This is one of the most unusual windows I’ve ever seen. I spotted it during a trip to Segovia, Spain a few years ago.
Have you ever looked through a window which has really old glass in it? The glass has structure and shape. It often has twists, curls or waves in it, so that whatever you are looking at through the window is completely changed by the window itself.
We are used to having factory produced smooth, “flawless” glass in our windows. It’s so unobtrusive that we don’t even really notice it at all. In fact, some places put red discs, or notices on the glass to stop people from trying to walk through it. But I like that older, hand-fashioned glass. Those patterns and shapes don’t seem like flaws to me, and I rather enjoy seeing the results of the creative fusion of whatever is on the other side of the glass, the glass itself, and my own act of observation. It reminds me just how actively creative perception is. Other wise I tend to think of it like a camera lens with the image of the “outside” cast precisely onto the screen after flipping upside down twice, once as it goes through the lens, then a second time, to “correct” it, as it passes through a prism. See, even that apparently more direct way of seeing, isn’t as direct as we first think, is it?

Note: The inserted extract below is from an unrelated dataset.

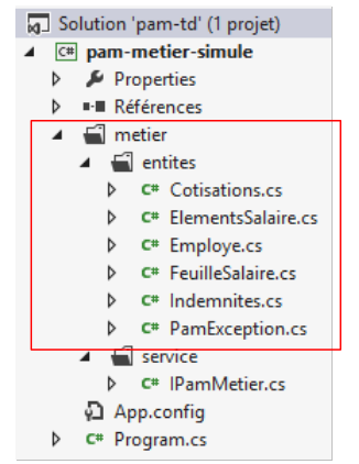 L'interface [IPamMetier] offerte à la couche [web] par la couche [métier] doit répondre aux exigences ci-dessus. Il existe de nombreuses interfaces possibles. Nous proposons la suivante :
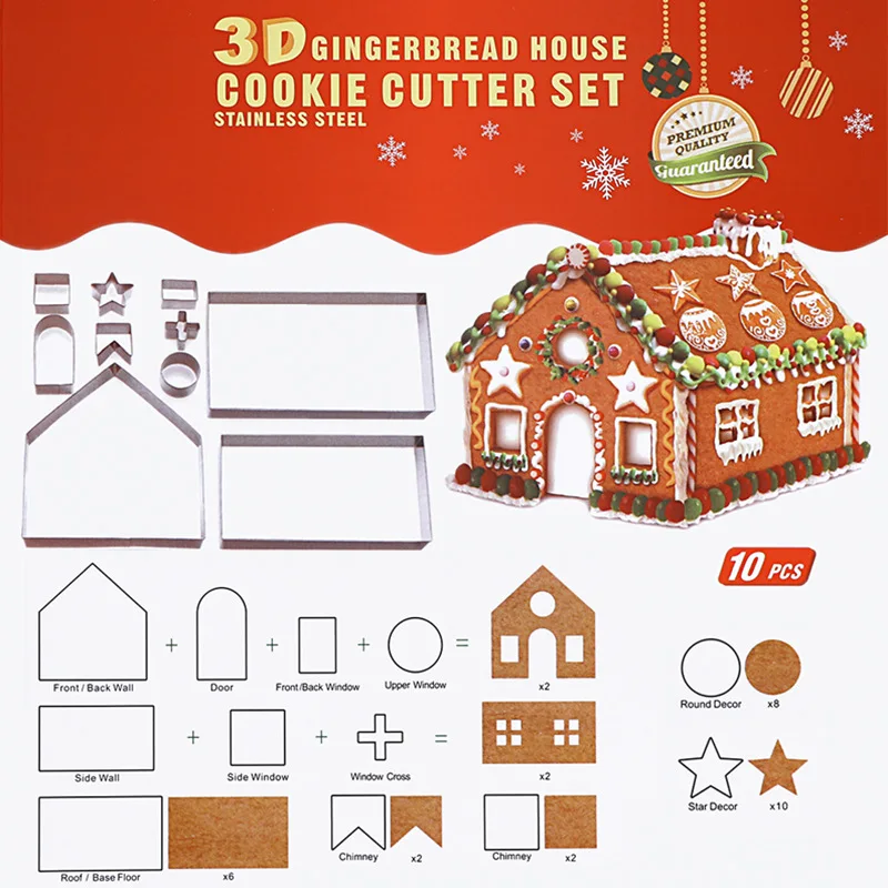 Новинка 3D Трехмерная форма для печенья из нержавеющей стали Рождественский имбирный Домик 10 комплектов инструментов для выпечки оптом

As well as reminding me of the active creative processes involved in perception, because it makes me more aware of myself as the viewing “subject”, I’m also reminded of how every one of us experiences the universe from our own unique perspective.
This particular window magnifies that idea for me. You could imagine that each of these circles is a unique lens through which a different person sees and experiences the world. Each one a bit different from the others. But, actually, all of the circles are connected……you see those connecting lines in the glass?
Because that’s a bit like how it is for us, isn’t it?
I view the world from this place of a “self”, whatever that is, this particular place which I cannot share with any other living being. No two of have identical experiences of what we perceive. We bring our unique memories, values, beliefs and imaginings to bear on it all. But that doesn’t mean we are completely separate looking at totally different worlds. We share a lot….we share a lot of atoms and molecules, we share time and space, we share stories, beliefs and traditions…..whatever we see and experience is not entirely disconnected from what others see, experience and feel, after all.
It’s a tricky one, that. It’s a constant dynamic balance, an integration of what’s different and what’s shared. Pretty amazing, huh?